UNITED NATIONS — The United Nations will investigate the possible use of chemical weapons in Syria, which would amount to a crime against humanity, Secretary-General Ban Ki-moon said Thursday.
The investigation could be broader than the Syrian government's request for an independent probe of a purported chemical weapons attack Tuesday. Ban said he was aware of allegations of other, similar attacks and hoped the inquiry would ultimately help secure Syria's chemical weapons stockpile.
The secretary-general said investigators would look into Syria's allegation that rebels carried out a chemical weapons attack on Khan al-Assal village in northern Aleppo province. The rebels blamed regime forces for the attack.
A senior U.S. official, meanwhile, said Thursday that the United States now has strong indications that no chemical weapons were used in the attack, the Associated Press reported.

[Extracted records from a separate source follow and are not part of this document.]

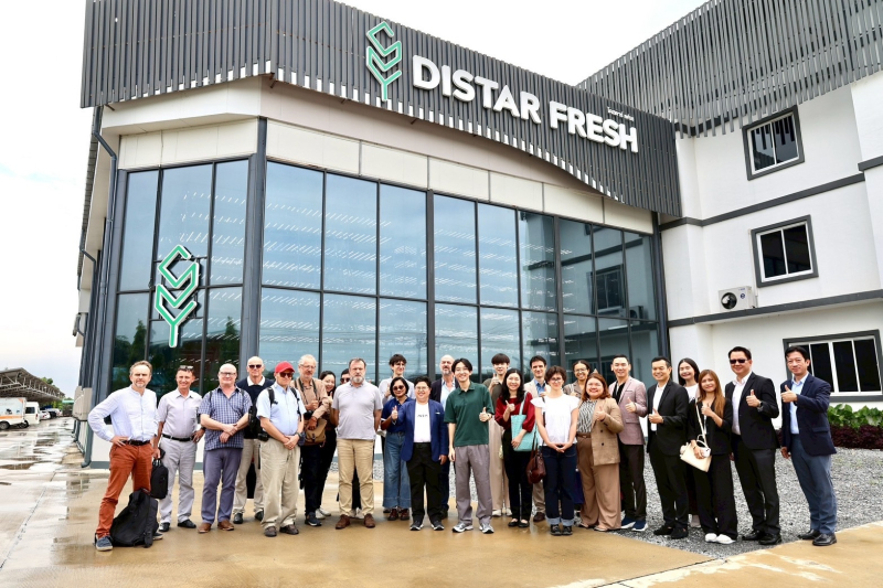 โดยในช่วงเช้าคณะผู้แทนสถานเอกอัครราชทูตฝรั่งเศส ได้เดินทางไปยังบริษัท Distar Fresh ตำบลบ้านใหม่ อำเภอบางใหญ่ จังหวัดนนทบุรี ซึ่งเป็นบริษัทสตาร์ทอัพด้านเทคโนโลยีเกษตรที่ใช้ระบบโรงงานผลิตพืช (Plant Factory) เพื่อศึกษาการประยุกต์ใช้นวัตกรรมกับธุรกิจจริง โดยมีความมุ่งมั่นที่จะบริการความสดใหม่และรสชาติที่จะทำให้ผู้บริโภคประทับใจ ผ่านการปลูกผักในระบบโรงเรือนปลูกผักแนวตั้ง ช่วยให้ผักเจริญเติบโตอย่างปลอดภัยจากสภาพอากาศที่ไม่คงที่ มลพิษทางอากาศรวมถึงศัตรูพืช และเก็บเกี่ยวในช่วงเวลาที่เหมาะสมทำให้ได้ที่รสชาติดีและสารอาหารสูง ยึดหลักที่ว่า “ให้เราดูแลผัก ให้ผักดูแลคุณ”
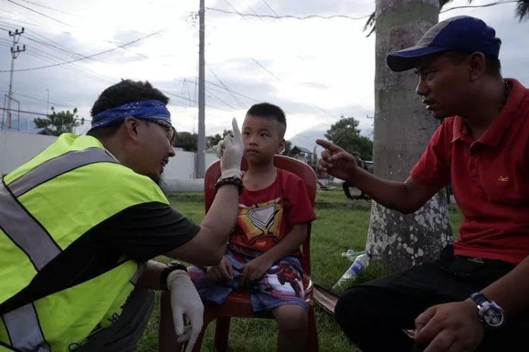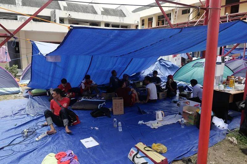 从医院出来,都海郎急忙前往当地印尼抗灾署设立的一处灾民集中营,在那里为受伤灾民提供医疗服务。
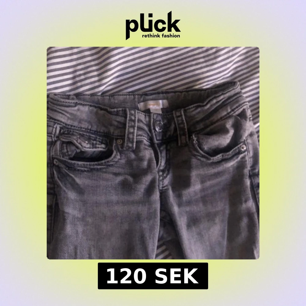 Snygga grå jeansbyxor med klassisk femficksdesign och knappgylf. Perfekta för en avslappnad stil. Populära lågmidjade bootcut jeans från Gina. Pris kan diskuteras
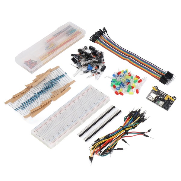 - [HUMANIZED DESIGN] - The package contains power module and USB data cable, and the components can be directly inserted into the breadboard, which is more convenient without soldering. COMPLETE AND USEFUL: This pack contains over 400 components to help you with fun and easy electrical experiments.
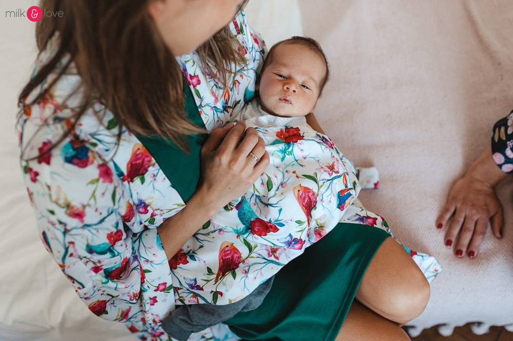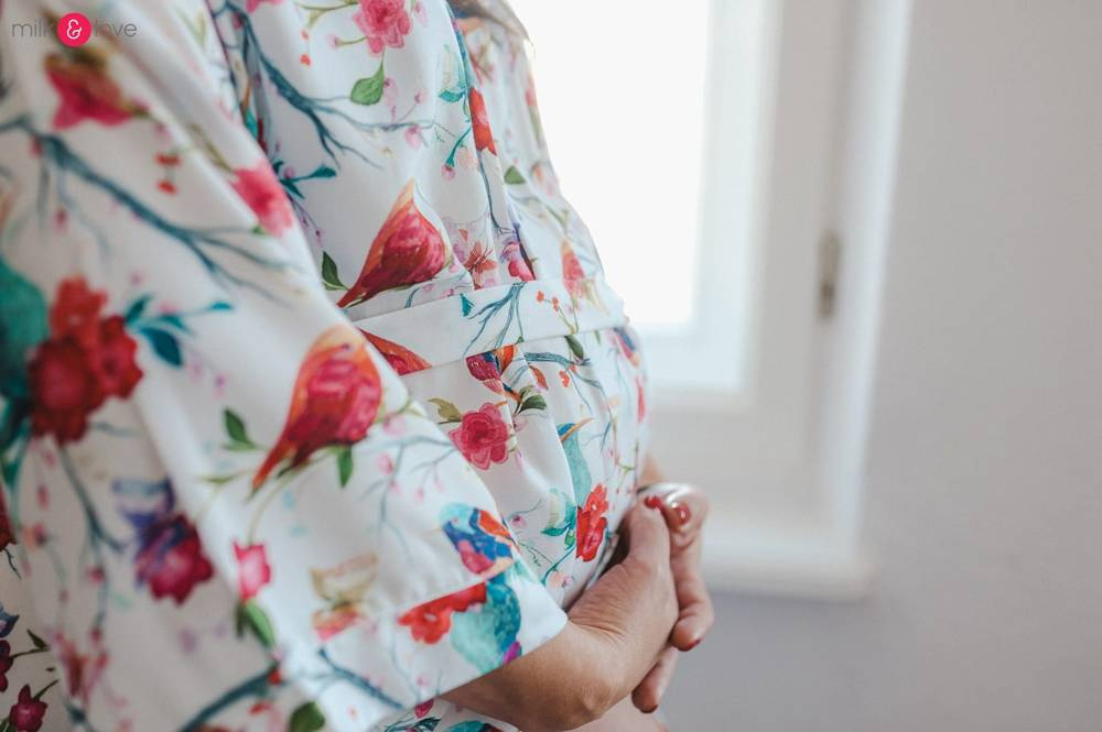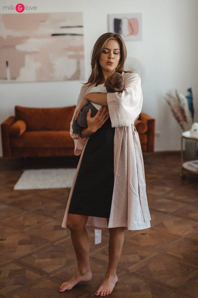 Szlafrok został zaprojektowany z myślą o mamach, dlatego jest nieco dłuższy, abyś spokojnie okryła nim ciążowy brzuszek. Po porodzie bez skrępowania b będziesz mogła spacerować po szpitalnym korytarzu lub na leżąco nakarmiła maluszka w połogu. Posiada kieszenie na niezbędne drobiazgi i pasek do regulowania szerokości.

U.N. spokesman Martin Nesirky said France and Britain sent a letter to Ban on Thursday asking for an investigation of three alleged chemical weapons attacks. He said Ban will review this suggestion as the U.N. develops the mandate for the investigation.

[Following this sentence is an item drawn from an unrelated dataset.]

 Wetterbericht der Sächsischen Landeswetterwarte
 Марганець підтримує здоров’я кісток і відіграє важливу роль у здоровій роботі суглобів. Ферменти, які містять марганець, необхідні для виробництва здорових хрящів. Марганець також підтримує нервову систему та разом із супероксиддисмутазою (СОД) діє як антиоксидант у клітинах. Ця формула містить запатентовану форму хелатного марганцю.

"My announcement should serve as an unequivocal reminder that the use of chemical weapons is a crime against humanity," the secretary-general said. "The international community needs full assurance that chemical weapons stockpiles are verifiably safeguarded."
The investigation will start "as soon as practically possible," Ban said, but "will not happen overnight."
U.S. Ambassador Susan Rice said the United States "supports an investigation that pursues any and all credible allegations of the possible use of chemical weapons in Syria."
"President Obama has been clear that the use or transfer of chemical weapons is totally unacceptable," she said. "If Bashar Al-Assad and those under his command make the mistake of using chemical weapons, or fail to meet their obligation to secure them, then there will be consequences. Those responsible will be held accountable."